Yes, Kopia is designed to handle all kinds of crashes and ideally not redo work that has been done. During long snapshots Kopia will write checkpoints every 45 minutes or so, which will be reused on next snapshot attempt to not only avoid uploading data again but in many cases also avoid hashing. The partial snapshot is transparently merged with last full snapshot from the history to get good incremental performance.
Yes. Kopia runs lock free in all situations. It has optional server mode but that does not introduce locks and is primarily for better access control and to avoid storing low-level repository credentials on client machines. Instead of locks, kopia relies on passage of time for safety of its maintenance operations so it requires somewhat reasonably synchronized clocks (drift of several seconds to minutes is fine, but hours not so much)
Kopia uses multi-stage maintenance routine to perform what purge does in Restic and others. It’s described here Details of maintenance command - #8 by jkowalski and I think it’s quite fast:

On my main personal repository of 730GB and 1.5M contents (file chunks), I’m running full maintenance every 4 hours and it currently takes less than 40 seconds to complete the full cycle (on my home internet which is 500Mbps symmetrical). Full maintenance performs a walk of the snapshot tree and deletes unreachable contents. This is possible through efficient index structures and separate cache for metadata and data and lots of heavy parallelization and sharding to efficiently use all local machine and network resources.

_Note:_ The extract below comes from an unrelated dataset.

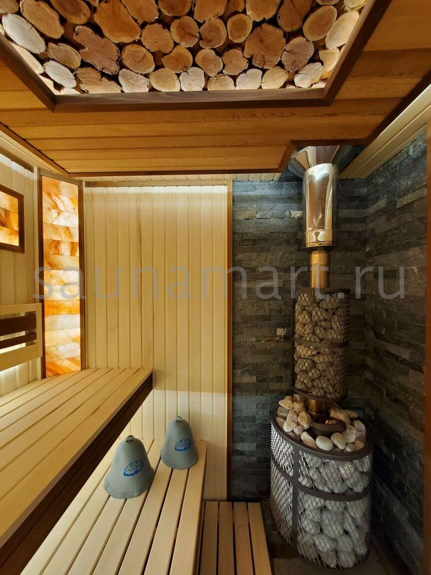 Компактная и экономичная модель. Кожух печи изготовлен в виде сетки из стали и полностью заполняется природными камнями, обеспечивая высокую динамику нагрева парильного помещения.

The following stats show Kopia maintenance repackages virtually all data into pack blobs of around 22.5MB each.

$ kopia blob stats
Count: 32514
Total: 729.9 GB
Average: 22.4 MB
Histogram:

       70 between 100 B and 1 KB (total 12.6 KB)
      160 between 1 KB and 10 KB (total 689.2 KB)
        1 between 10 KB and 100 KB (total 49.5 KB)
       39 between 100 KB and 1 MB (total 14.2 MB)
        2 between 1 MB and 10 MB (total 12.4 MB)
    32242 between 10 MB and 100 MB (total 729.8 GB)

This shows that the total size of live data is very close to the physical storage size: 729 GB blobs (physical) vs 722 GB contents (logical)

$ kopia content stats
kopia content stats
Count: 1493817
Total: 722.8 GB
Average: 483.8 KB
Histogram:

    83096 between 10 B and 100 B (total 4.3 MB)
   618051 between 100 B and 1 KB (total 267 MB)
   352019 between 1 KB and 10 KB (total 1.1 GB)
   111774 between 10 KB and 100 KB (total 3.6 GB)
    78833 between 100 KB and 1 MB (total 35 GB)
   250044 between 1 MB and 10 MB (total 682.7 GB)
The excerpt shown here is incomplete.